She's 5 months pregnant now and they looked so happy together yesterday. During the concert they showed images of Fran's ultrasound and at midnight she took over the microphone and announced that they're expecting a boy and his name will be Gabriel. As soon as that happened I looked around and I realized most people were emotional and some girls were actually crying. It made me wonder why wasn't I all touched by the news that were actually exciting.

Then I also realized most people who were there went in couples.. husband and mrs, boyfriends and girlfriends, enganged couples. There were probably 5 single people there, me included. So it's definitely true what they say.. you start dating so you instantly get closer to people who are also dating. More things in common i guess.
In psychology we learn that you operate according to what you know and you act and react to things according to your available repertoire and this repertoire is formed by all your life experiences.. it's as if your brain had this huge file cabinet where it stores all your memories and experiences and all possible alternatives you have when facing several situations, however, when you face a new situation your brain instantly opens the file cabinet and tries to come up with a solution, usually based on previous experiences, there's a fifty fifty percent change it will work or not.
For instance, all the basic ideas you got about how you should behave in front of strangers or how to hold a fork while having a meal.. you have to learn somewhere and then you will incorporate that to your way of living. The same thing happens with your perspective towards life and relationships. Inevitably you learn a bunch of things by observing, not consciently though, it's like, most people who try really hard not to be like their parents end up doing so without realizing it, specially in stressful situations where they have absolutely no control over their words. Once they calm down they realize how similar they behave when compared to their parents.. but ok, I'm drifiting.
When watching my friends yesterday I started to think about all these things... marriage and kids and a long term relationship.. not long term but one for life, I really don't intend on getting married just so I can divorce when I get bored. That's the thing though, it's such a huge deal. It's sharing a house and the bills and a bed. It means having to deal constantly with someone else's likes and dislikes and constant negotiation, trying to keep things in balance, trying to make it work. But then I thought I'm not the first or the last person on earth who's gonna go through that and I don't think it's supposed to be this rational and it seems the reason why it's been working it's cause they keep it simple. Fran was never the brightest or the fastest in college, she's pretty much oblivious about most things.. So maybe ignorance is bliss afterall.
My parents were constantly fighting when I was growing up and their marriage only started working after 20 years, and I don't want that. My idea of a relationship might be quite twisted, I admit.

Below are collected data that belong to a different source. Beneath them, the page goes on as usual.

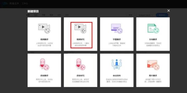 这是网易的在线网站,有视频转写、语音转写、字幕翻译、视频翻译等功能,其中的【视频转写】功能可以将视频快速转写为文字。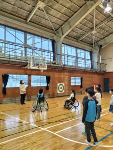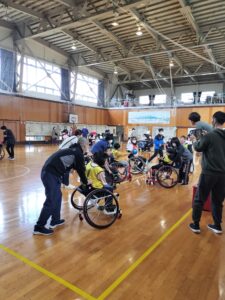 | 内容 | 講演:「障害者スポーツ 共生社会を作ろう」 競技用車いすの操作及び、車いすリレー対決 競技用車いすに乗り、シュート体験 車いすバスケットボールの試合(ツインゴール) |
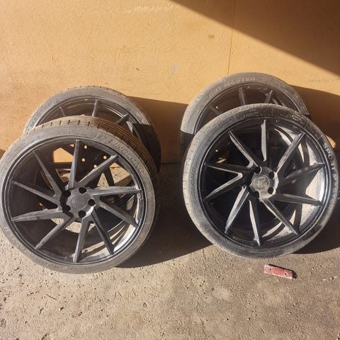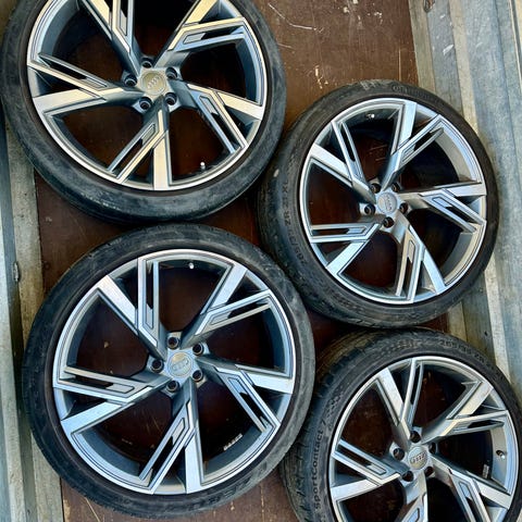 Satt på min gamla Audi A6. Däcken är slitna men fälgarna är i god skick.
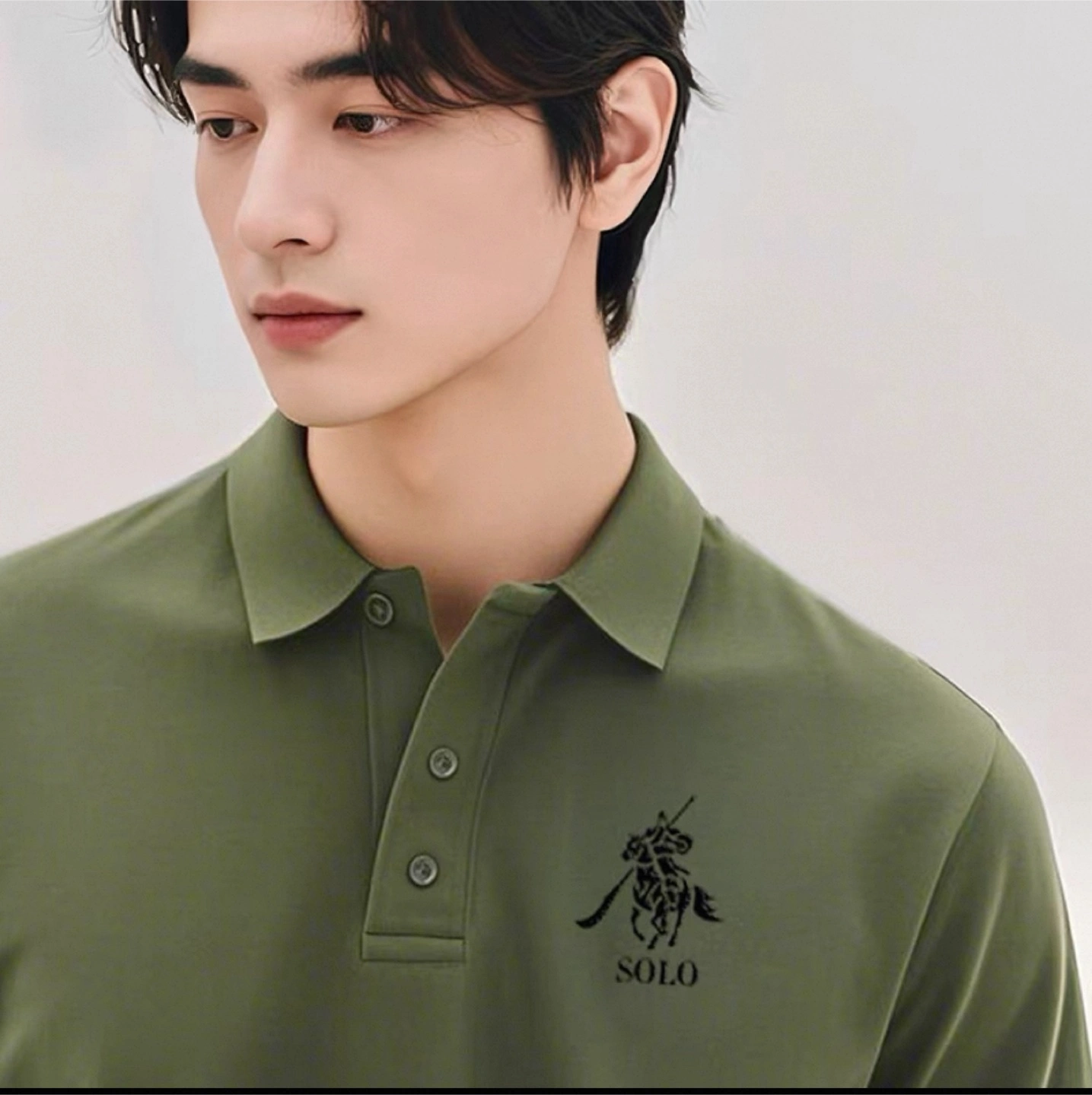 A stylish SOLO polo shirt in a nice green colour. It features a unique logo. Perfect for casual wear!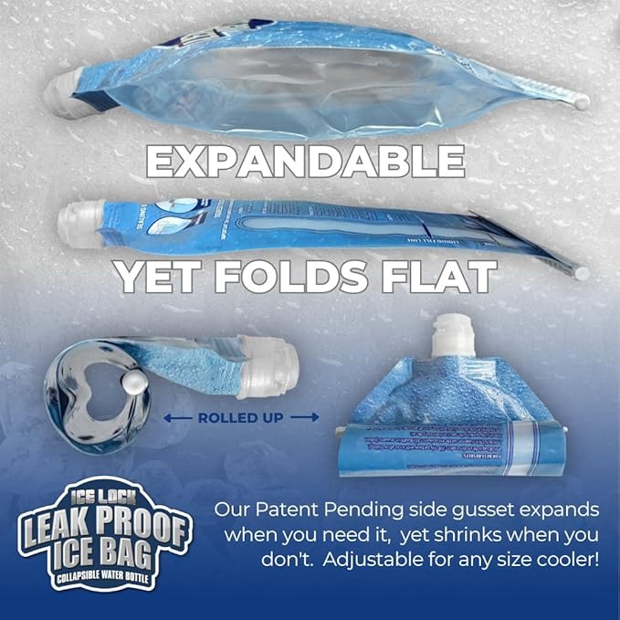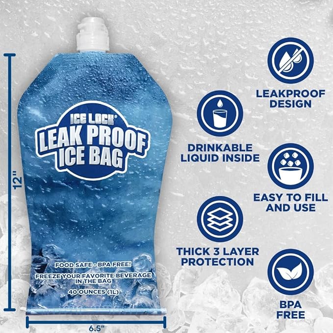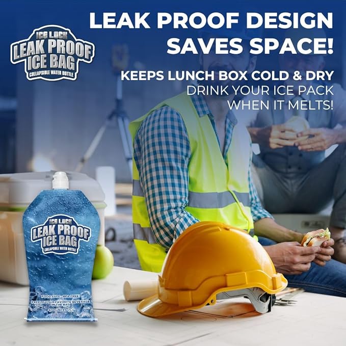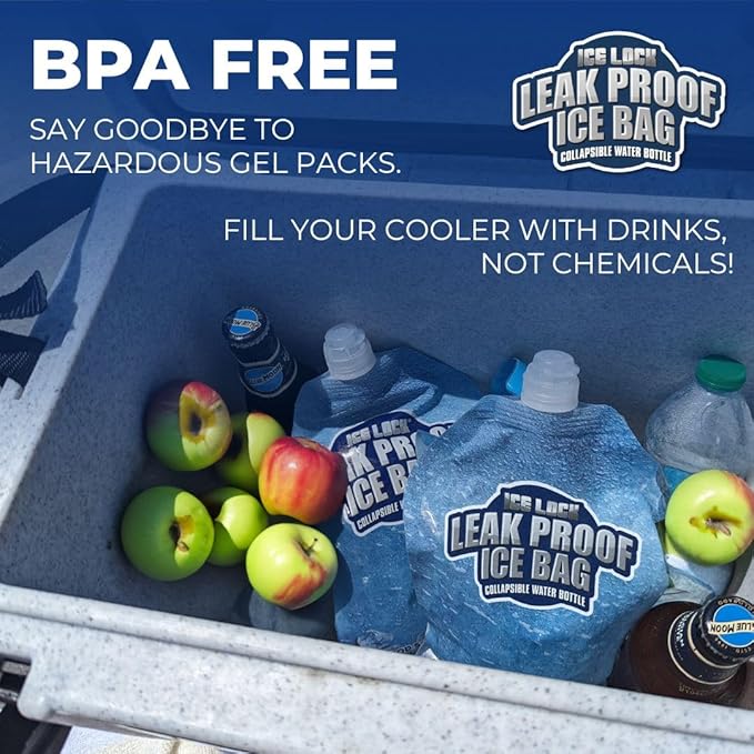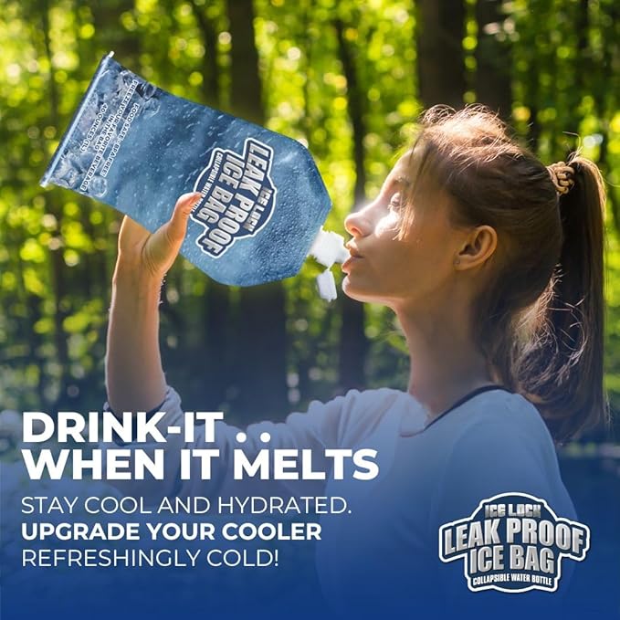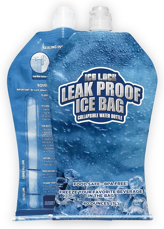 - FED UP WITH THE MESS FROM LEAKY ICE PACKS? Discover the revolution in cooling with our leak proof ice bag (portable water bottle for traveling). Meticulously crafted soft water bottles, our waterproof ice bags for coolers are guaranteed to last for many uses. Gone are the days of soggy sandwiches, just use our REUSABLE ICE BAG. Our advanced sealing mechanism ensures not just zero leaks but also a hassle-free experience. No more fumbling around trying to seal your water tight ice bag for cooler.
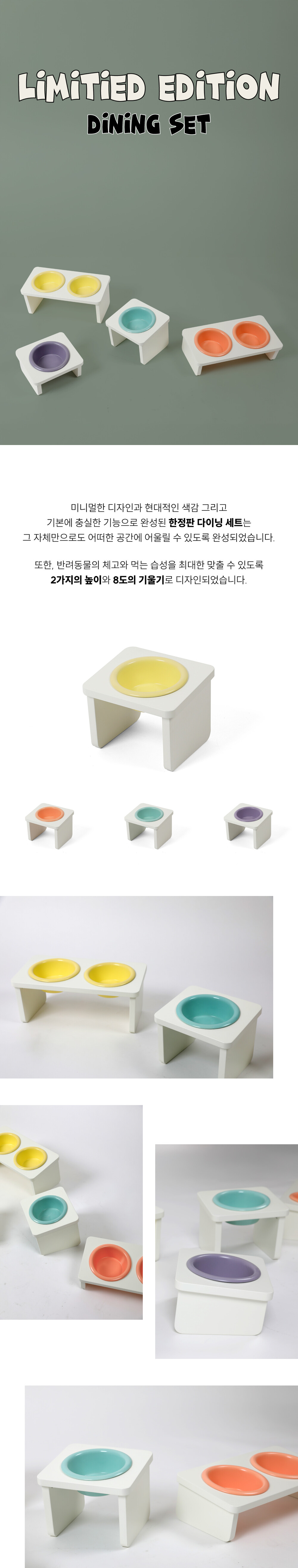 - 반려동물의 체고와 편의를 최대한 맞추기 위해 '2가지 높이와 8도의 기울기' 로 디자인 되었습니다.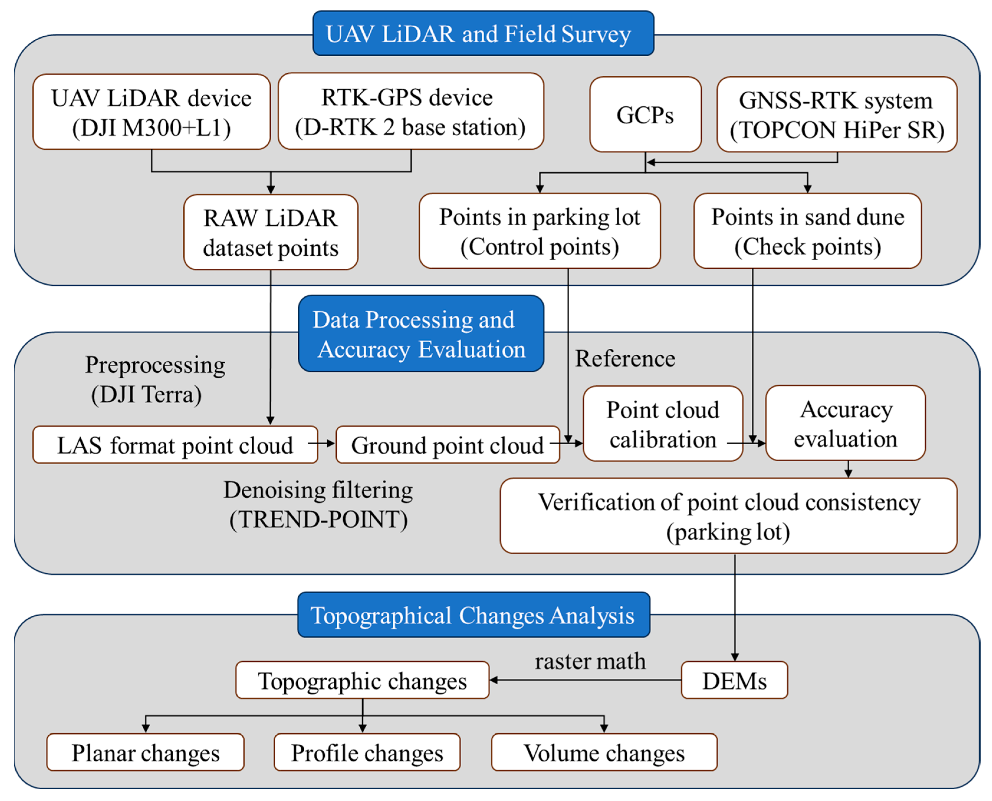 APA StyleLiu, J., Wu, J., Okida, S., Kimura, R., Du, M., & Li, Y. (2026). Detection and Monitoring of Topography Changes at the Tottori Sand Dune Using UAV-LiDAR. Sensors, 26(1), 302. https://doi.org/10.3390/s26010302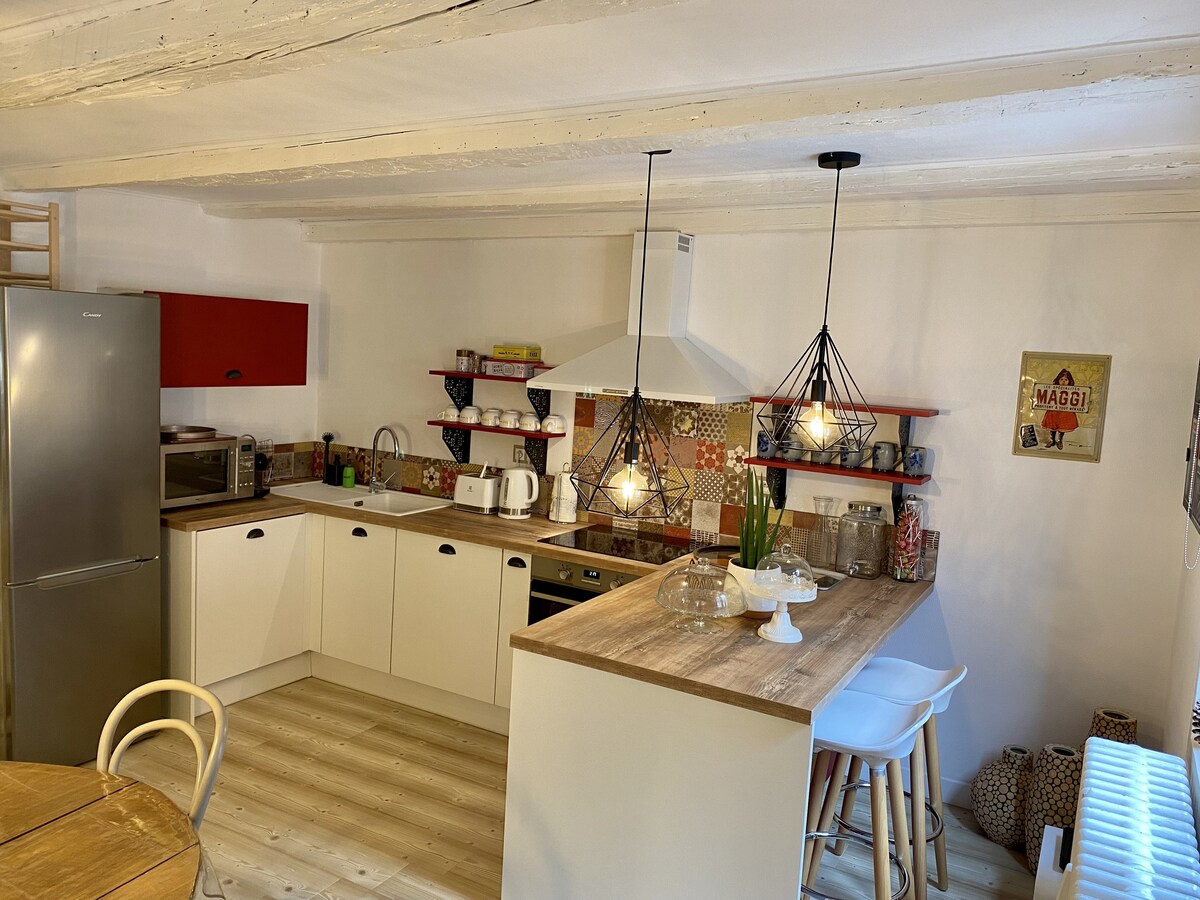 位於奧貝奈市中心的60平方米公寓,位於1592年的阿爾薩斯建築內。 裝飾有品味和設計,舊樑和外露的樑的魅力,一個獨立的浴缸將完成這個舒適的地方。 可應要求提供嬰兒床、嬰兒椅和單車,視乎供應情況而定:)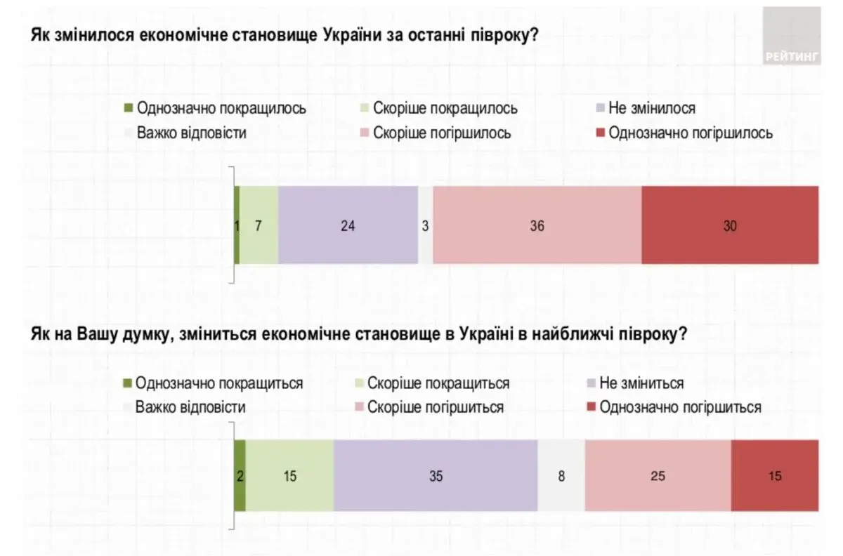 Свыше 60% заявили, что экономическое положение в Украине ухудшилось за последние полгода, четверть полагают, что оно осталось неизменным и лишь 8% заметили улучшение.

I think today my worst fear is getting trapped in an unhappy life and it would be even worse to have in mind it was my decision.
The more I meet guys over here the more it makes me hopeless. I hate the way they talk about marriage, as if they were forced into it, forced to propose and have a family... or about their current girlfriends, I don't want to be one of those bitter girlfriends that stick to their boyfriends even when they're hardly ever there or when they demand changes. I met this gilr in college who looked like a barbie doll, beautiful and tall and leggy and blonde but the boyfriend constantly told her she was fat and she should get some silicone, not that she wasn't beautiful already but that would make him love her even more. She would tell us that with such pride... and over a piece of chocolate cake 'cause her boyfriend would never let her eat that if he were around. One day, I met the boyfriend.. the guy's got a huge nose and spots all over his face and suffers from a total lack of personality.. I was at least surprised. They are engaged and they will get married this month. So is it me who's too intolerant or is the world going mad?
Of course I strongly disagree but I respect, people have their reasons to go through with some things but still... In my opinion, when you're in a relationship you should always: 1) treat it like it has enough potential to turn into something serious; 2) Every time something new and shocking and different or just unpleasant rises, ask yourself: how big of a deal that is to you/ can you let it go?/how much does it affect you?/ in ten years will you still be able to let it go? Can you see yourself dealing with that the same way you do now?
There's no point crossing our own limits for other people and yet, we always do.